1. The extraction of the Chinese Y-SNPs was not anything very clever.
There is a file YH-SNPs.gff that is available from
http://yh.genomics.org.cn/download.jsp (under "2 YH variants and
annotations"), which contains all the SNPs found in the whole genome.
The file is quite big (385 Mb), but it is then easy to extract the
Y-chromosome ones (lines which start "chrY"), using the unix utility
"grep". This gives a file which is a more manageable 180k.

That file contains a little more detail than I extracted, including a
column for the probability that it really was an SNP, and a comment
discussing the local neighbourhood of the sequence.

2. Mutation L52 (rs13304168) occurs at position 13151202 -- part of the
short stretch where HUGO is in Haplogroup G. Therefore, Venter and
Watson show a mutation, compared to the reference sequence; but the
Chinese and the Yoruba do not. It therefore appears on the second
spreadsheet, not the first one.

3. Tim's analysis by "million" is very interesting. The stretches
where there seem to be a particular excess of mutations in the Chinese
sequence compared to the Yoruba may be further more precisely located to:
* ChrY:11700739..11722747 (53 SNPs)
* ChrY:11747533..11792857 (82 SNPs)
* ChrY:18022464..19270159 (29 SNPs)
* ChrY:20753369..20846749 (37 SNPs)
These are stretches where there are "runs" of the given number of SNPs
in the Chinese genome uninterrupted by any SNPs on the Yoruba genome --
something rather unlikely if the SNPs were simply distributed randomly.

Looking at them in Thomas Krahn's Ymap browser, the first region is (I
think) bang on the centromere of the chromosome. I don't know what the
significance of this might be -- would this be an area where
recombination might be particularly possible?

My suspicion is that the first two represent two runs of unusually large
many SNPs in the Chinese data -- perhaps indicating a mutation process
that has changed several locations simultaneously all at once? Or
perhaps different reporting criteria for SNPs, particularly relevant in
this area? Whereas the last two seem to represent the Yoruba data
calling a surprisingly low number of SNPs.

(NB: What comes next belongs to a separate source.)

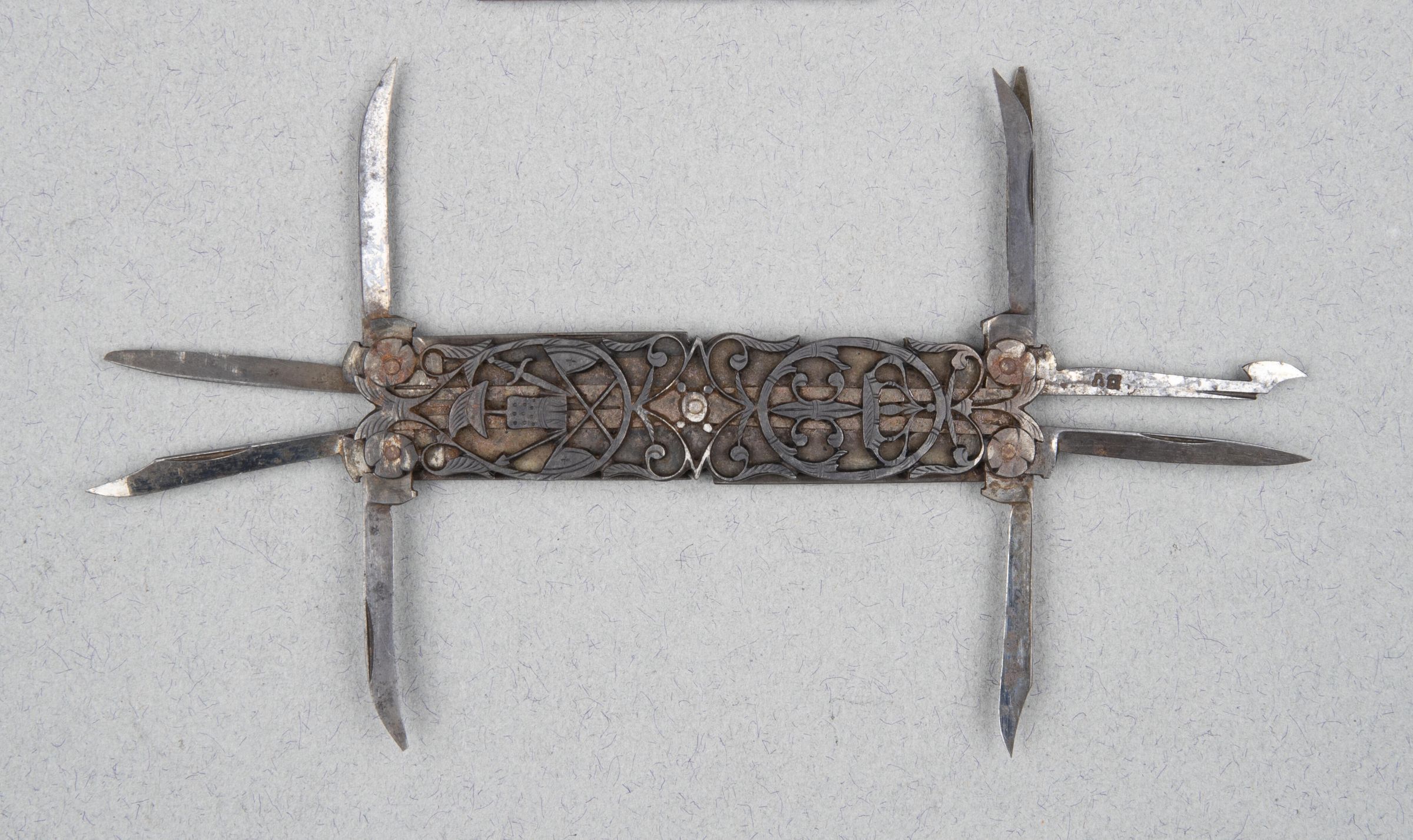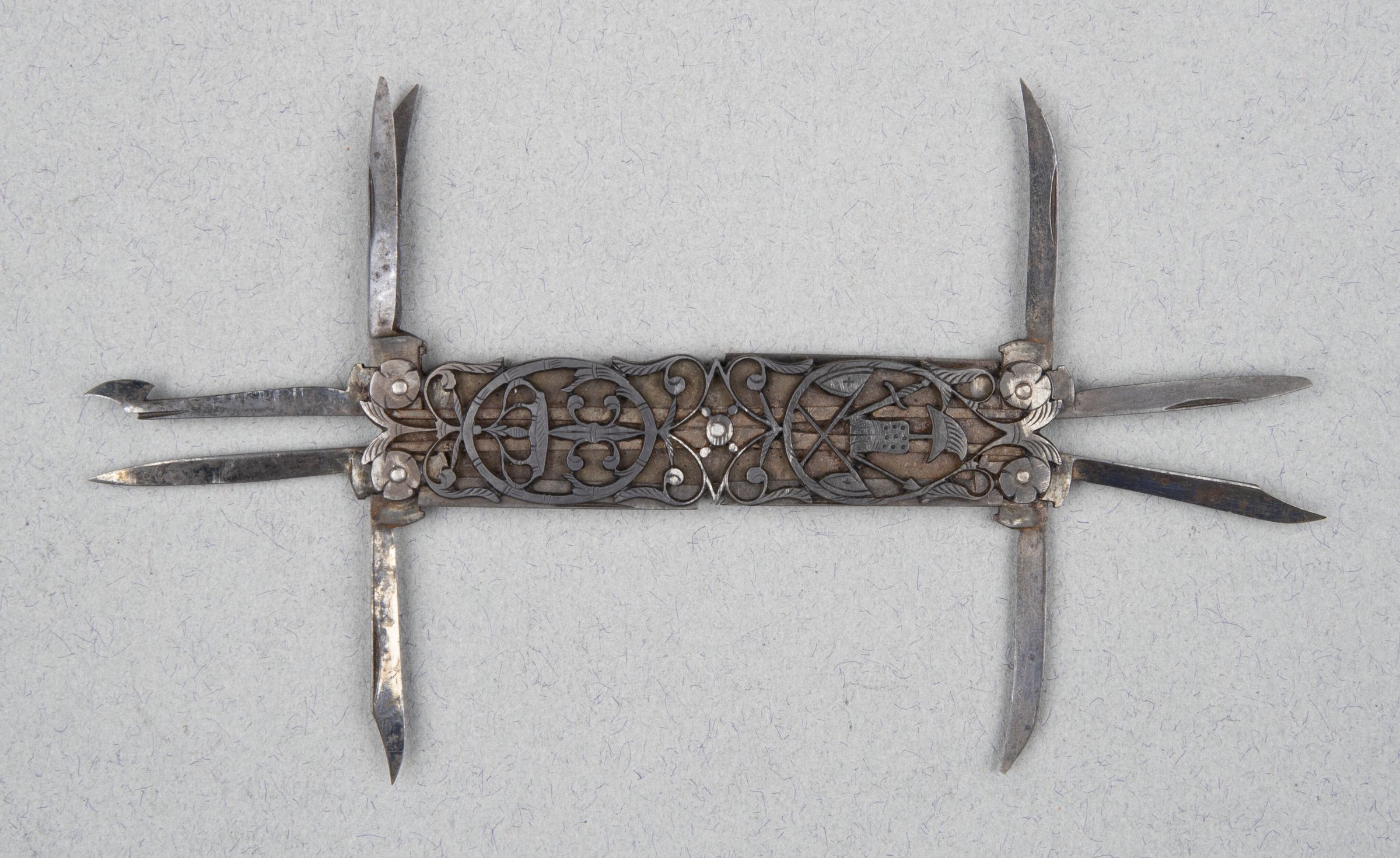 12 slender blades with points of varying shapes including a 'fleam' for bloodletting. The other blades may be lancets. The pierced and engraved steel handle has panels containing a crowned fleur-de-lys and a trophy of arms under a cap of Liberty on both sides.Collection

There are some of these Chinese SNPs previously known with RS numbers
within all but the third of these ranges, so they presumably can't be
completely off the wall, even though none of them seem to have any
phylogenetic data yet.

4. If the age of Haplogroup DE is about 65,000 years ago, then the
Yoruba SNP data giving that 451 SNPs are shared with the Chinese out of
a total of 1756 would suggest an age for the split in Haplogroup NOP of
about (451/1756)*2*65000 = 33,400 years. (+/- appropriate margins of
error). Wikipedia currently gives a date for Haplogroup NOP of
30-35,000 years ago, so this is encouraging. (Of course many of the
SNPs were previously known and used by Karafet et al to establish these
same dates, but it is good to know that the new ones seem to follow the
pattern).

1084 SNPs are shown in the Chinese genome but not the Yoruba one. Even
if we exclude 135 from the first two categories above, as likely all
reflecting some similar linked factor, that still leaves 949. Is the
difference simply random noise; are 451 and 949 simply two realisations
of a Poisson process with mean 700? It is unlikely. Such a Poisson
process would have a standard deviation of about sqrt(700), or about 25
-- so this difference is far more than would arise from simple random
noise. I wondered in my original post whether there might be something
in the Chinese histroy that had led to much higher mutation fixation
rates. But perhaps John is nearer the mark, when he wrote "I wonder if
the computer software... might be discarding them as ambiguous" --
particularly if, as he suggests, the software may be weighted to reject
differences from HUGO, at least if there is not already something in
dbSNP. Also, perhaps SNPs in satellite sequences and repeat sequences
may not always be reported. If 250 mutations in the "Chinese NOT
Yoruba" list were shifted to the "Chinese AND Yoruba" list, the numbers
would balance -- and that need only represent the most marginal
one-sixth of the Chinese SNP calls (which I did nothing to quality
control or quality threshold from the raw Chinese report).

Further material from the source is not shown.